What is needed :: Your answer should be the lines below from the one holding "大腿ストラップ, 黒色のニーソックス, 茶色の靴" through the one holding "La paleta cromática, dominada", copied exactly and with nothing else.

——

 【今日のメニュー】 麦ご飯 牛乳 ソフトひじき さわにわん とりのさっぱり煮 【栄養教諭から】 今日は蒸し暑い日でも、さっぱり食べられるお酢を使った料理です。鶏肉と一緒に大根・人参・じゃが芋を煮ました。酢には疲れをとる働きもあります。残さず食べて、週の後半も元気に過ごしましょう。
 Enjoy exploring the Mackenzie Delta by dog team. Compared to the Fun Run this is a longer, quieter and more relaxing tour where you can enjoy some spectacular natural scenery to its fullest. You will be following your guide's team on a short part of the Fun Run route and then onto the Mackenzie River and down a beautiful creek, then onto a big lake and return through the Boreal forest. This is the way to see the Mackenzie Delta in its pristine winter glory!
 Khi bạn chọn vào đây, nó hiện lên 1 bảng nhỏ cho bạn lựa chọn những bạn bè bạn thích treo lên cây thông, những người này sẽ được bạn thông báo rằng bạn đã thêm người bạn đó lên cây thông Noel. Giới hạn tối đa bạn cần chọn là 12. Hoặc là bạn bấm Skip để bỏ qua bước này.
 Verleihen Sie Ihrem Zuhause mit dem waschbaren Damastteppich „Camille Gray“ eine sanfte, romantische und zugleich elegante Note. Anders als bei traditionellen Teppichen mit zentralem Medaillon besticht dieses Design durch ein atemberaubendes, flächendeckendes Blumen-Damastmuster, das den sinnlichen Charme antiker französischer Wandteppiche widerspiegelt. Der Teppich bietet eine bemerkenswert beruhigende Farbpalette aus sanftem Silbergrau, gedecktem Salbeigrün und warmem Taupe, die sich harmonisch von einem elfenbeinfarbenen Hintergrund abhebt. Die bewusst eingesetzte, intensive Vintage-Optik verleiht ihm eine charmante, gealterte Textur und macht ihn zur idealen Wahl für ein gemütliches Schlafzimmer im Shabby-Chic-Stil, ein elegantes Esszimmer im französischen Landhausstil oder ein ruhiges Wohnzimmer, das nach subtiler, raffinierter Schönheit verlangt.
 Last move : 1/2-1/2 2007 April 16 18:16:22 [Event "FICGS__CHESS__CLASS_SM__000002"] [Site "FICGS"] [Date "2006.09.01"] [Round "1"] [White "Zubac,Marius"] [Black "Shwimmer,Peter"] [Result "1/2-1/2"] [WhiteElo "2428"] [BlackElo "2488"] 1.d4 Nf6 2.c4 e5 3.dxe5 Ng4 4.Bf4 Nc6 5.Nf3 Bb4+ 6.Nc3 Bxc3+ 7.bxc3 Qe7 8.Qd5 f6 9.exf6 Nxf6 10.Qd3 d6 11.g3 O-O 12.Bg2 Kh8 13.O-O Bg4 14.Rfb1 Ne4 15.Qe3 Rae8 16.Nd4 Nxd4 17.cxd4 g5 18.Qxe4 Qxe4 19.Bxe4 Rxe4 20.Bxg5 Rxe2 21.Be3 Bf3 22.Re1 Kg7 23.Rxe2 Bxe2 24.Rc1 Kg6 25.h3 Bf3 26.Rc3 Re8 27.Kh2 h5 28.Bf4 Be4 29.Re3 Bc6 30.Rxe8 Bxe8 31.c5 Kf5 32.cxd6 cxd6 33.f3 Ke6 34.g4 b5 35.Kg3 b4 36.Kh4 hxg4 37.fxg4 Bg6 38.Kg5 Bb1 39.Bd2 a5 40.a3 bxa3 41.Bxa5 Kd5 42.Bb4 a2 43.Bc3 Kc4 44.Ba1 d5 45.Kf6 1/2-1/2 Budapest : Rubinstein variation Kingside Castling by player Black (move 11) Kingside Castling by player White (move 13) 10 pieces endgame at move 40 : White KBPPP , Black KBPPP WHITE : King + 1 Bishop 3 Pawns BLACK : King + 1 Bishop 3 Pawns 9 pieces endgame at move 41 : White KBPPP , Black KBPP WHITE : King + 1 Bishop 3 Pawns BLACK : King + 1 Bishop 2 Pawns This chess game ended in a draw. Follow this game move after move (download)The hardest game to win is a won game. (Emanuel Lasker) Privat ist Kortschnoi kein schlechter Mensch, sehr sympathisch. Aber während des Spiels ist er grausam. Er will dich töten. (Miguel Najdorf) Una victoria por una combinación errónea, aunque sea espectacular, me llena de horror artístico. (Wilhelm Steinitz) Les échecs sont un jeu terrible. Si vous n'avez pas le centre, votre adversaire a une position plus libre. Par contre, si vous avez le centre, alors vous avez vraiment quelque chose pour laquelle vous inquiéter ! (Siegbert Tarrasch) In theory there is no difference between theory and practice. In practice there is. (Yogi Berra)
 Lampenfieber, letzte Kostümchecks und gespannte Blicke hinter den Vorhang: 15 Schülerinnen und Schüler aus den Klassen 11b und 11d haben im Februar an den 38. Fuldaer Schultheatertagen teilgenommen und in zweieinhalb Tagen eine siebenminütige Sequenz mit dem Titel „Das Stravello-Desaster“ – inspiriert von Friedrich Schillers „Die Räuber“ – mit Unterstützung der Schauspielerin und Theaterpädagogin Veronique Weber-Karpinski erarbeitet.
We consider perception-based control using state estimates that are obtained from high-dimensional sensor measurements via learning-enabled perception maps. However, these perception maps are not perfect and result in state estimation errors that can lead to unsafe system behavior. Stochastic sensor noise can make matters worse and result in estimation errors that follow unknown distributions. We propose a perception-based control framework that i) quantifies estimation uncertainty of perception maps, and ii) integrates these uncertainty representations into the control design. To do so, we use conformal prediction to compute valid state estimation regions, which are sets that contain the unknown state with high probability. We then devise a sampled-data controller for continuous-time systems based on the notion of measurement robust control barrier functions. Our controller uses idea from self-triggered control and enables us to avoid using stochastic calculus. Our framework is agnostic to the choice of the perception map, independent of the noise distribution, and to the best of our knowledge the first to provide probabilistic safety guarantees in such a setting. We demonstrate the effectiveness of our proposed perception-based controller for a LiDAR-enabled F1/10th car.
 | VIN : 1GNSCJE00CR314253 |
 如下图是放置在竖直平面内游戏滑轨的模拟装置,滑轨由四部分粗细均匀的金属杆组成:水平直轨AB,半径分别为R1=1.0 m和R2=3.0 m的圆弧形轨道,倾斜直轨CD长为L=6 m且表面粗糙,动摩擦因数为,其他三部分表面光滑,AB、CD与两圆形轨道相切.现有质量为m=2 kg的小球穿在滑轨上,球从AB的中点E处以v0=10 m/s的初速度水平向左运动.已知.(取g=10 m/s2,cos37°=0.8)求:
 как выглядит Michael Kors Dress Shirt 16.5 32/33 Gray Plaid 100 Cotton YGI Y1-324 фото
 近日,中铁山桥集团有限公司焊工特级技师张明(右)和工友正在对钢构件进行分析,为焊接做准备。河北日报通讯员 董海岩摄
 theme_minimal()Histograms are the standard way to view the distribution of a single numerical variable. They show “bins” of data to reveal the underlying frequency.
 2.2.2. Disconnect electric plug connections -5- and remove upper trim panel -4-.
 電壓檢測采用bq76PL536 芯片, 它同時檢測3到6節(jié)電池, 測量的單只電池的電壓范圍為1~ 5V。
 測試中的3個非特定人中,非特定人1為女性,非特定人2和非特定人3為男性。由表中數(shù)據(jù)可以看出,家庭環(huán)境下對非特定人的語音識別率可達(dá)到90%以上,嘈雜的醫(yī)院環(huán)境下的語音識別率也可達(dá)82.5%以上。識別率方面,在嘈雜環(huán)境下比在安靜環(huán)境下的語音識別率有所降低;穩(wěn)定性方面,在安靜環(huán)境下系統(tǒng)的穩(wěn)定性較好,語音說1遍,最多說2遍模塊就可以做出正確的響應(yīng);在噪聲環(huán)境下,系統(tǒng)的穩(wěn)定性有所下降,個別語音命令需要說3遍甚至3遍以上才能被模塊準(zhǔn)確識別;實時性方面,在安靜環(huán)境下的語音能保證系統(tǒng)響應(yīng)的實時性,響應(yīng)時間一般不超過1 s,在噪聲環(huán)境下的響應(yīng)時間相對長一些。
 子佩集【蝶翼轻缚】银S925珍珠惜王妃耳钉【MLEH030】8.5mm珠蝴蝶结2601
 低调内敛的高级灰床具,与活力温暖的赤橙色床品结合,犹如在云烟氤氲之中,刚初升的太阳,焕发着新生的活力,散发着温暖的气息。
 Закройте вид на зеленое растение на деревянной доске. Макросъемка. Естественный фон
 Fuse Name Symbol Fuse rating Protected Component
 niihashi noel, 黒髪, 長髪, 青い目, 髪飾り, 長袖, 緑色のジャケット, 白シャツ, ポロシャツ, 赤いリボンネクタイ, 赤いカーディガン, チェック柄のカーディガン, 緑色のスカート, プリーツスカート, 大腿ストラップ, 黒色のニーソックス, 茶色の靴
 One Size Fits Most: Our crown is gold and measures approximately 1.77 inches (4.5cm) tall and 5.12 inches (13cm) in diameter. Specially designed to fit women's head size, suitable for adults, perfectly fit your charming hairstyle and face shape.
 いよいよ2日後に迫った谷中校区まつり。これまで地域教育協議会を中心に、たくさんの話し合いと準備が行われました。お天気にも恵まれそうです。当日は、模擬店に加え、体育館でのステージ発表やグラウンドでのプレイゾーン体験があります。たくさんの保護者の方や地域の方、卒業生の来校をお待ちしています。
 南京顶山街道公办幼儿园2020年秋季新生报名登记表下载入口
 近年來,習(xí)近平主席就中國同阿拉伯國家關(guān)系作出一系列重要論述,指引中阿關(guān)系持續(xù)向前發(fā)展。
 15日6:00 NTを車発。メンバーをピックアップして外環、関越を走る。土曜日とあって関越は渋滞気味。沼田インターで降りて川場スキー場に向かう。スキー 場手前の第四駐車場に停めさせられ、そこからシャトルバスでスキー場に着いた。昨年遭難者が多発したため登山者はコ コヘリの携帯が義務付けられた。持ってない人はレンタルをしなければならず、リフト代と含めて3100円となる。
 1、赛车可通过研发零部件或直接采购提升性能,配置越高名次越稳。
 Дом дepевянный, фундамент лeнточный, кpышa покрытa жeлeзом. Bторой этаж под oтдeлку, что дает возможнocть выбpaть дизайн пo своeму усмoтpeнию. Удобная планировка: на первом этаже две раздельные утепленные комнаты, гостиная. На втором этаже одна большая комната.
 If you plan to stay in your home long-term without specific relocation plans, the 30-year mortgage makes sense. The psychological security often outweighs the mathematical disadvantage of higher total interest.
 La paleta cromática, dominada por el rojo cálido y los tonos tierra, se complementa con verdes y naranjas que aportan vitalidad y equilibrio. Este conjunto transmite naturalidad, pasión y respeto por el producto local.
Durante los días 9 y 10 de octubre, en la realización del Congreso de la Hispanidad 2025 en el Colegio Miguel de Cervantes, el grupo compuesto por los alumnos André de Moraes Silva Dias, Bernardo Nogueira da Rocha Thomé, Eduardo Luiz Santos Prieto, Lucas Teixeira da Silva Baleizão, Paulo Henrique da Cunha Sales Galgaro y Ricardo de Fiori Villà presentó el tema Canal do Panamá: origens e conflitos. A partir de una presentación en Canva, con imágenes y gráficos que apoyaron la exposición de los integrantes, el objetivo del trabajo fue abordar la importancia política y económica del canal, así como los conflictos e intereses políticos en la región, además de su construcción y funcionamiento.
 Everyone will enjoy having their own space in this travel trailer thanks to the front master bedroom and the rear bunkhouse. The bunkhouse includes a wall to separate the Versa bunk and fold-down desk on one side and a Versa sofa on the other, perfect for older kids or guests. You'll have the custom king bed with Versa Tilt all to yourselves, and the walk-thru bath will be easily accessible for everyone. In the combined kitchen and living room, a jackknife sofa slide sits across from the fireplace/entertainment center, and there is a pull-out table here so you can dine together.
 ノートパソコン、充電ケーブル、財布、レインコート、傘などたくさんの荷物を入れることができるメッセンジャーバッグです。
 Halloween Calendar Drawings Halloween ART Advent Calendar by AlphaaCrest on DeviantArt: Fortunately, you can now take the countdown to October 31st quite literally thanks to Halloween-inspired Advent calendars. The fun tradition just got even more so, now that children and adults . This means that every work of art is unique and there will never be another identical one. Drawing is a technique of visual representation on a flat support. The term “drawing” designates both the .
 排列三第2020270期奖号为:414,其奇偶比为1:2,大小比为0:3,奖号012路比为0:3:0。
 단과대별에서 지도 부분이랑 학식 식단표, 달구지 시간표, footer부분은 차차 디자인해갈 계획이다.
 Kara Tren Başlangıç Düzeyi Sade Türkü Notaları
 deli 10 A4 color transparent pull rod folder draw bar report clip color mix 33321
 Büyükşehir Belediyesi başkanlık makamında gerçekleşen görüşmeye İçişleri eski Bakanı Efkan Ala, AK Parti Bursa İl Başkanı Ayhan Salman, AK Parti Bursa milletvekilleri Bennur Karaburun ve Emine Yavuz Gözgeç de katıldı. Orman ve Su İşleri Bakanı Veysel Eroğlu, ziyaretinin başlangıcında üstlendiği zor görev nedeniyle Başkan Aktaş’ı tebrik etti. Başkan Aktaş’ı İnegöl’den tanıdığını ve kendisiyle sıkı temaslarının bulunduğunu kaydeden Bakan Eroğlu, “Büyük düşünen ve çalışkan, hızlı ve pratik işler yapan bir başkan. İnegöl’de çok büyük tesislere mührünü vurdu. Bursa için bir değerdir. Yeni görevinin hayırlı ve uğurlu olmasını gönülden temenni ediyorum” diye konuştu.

——

Written reply ::
 niihashi noel, 黒髪, 長髪, 青い目, 髪飾り, 長袖, 緑色のジャケット, 白シャツ, ポロシャツ, 赤いリボンネクタイ, 赤いカーディガン, チェック柄のカーディガン, 緑色のスカート, プリーツスカート, 大腿ストラップ, 黒色のニーソックス, 茶色の靴
 One Size Fits Most: Our crown is gold and measures approximately 1.77 inches (4.5cm) tall and 5.12 inches (13cm) in diameter. Specially designed to fit women's head size, suitable for adults, perfectly fit your charming hairstyle and face shape.
 いよいよ2日後に迫った谷中校区まつり。これまで地域教育協議会を中心に、たくさんの話し合いと準備が行われました。お天気にも恵まれそうです。当日は、模擬店に加え、体育館でのステージ発表やグラウンドでのプレイゾーン体験があります。たくさんの保護者の方や地域の方、卒業生の来校をお待ちしています。
 南京顶山街道公办幼儿园2020年秋季新生报名登记表下载入口
 近年來,習(xí)近平主席就中國同阿拉伯國家關(guān)系作出一系列重要論述,指引中阿關(guān)系持續(xù)向前發(fā)展。
 15日6:00 NTを車発。メンバーをピックアップして外環、関越を走る。土曜日とあって関越は渋滞気味。沼田インターで降りて川場スキー場に向かう。スキー 場手前の第四駐車場に停めさせられ、そこからシャトルバスでスキー場に着いた。昨年遭難者が多発したため登山者はコ コヘリの携帯が義務付けられた。持ってない人はレンタルをしなければならず、リフト代と含めて3100円となる。
 1、赛车可通过研发零部件或直接采购提升性能,配置越高名次越稳。
 Дом дepевянный, фундамент лeнточный, кpышa покрытa жeлeзом. Bторой этаж под oтдeлку, что дает возможнocть выбpaть дизайн пo своeму усмoтpeнию. Удобная планировка: на первом этаже две раздельные утепленные комнаты, гостиная. На втором этаже одна большая комната.
 If you plan to stay in your home long-term without specific relocation plans, the 30-year mortgage makes sense. The psychological security often outweighs the mathematical disadvantage of higher total interest.
 La paleta cromática, dominada por el rojo cálido y los tonos tierra, se complementa con verdes y naranjas que aportan vitalidad y equilibrio. Este conjunto transmite naturalidad, pasión y respeto por el producto local.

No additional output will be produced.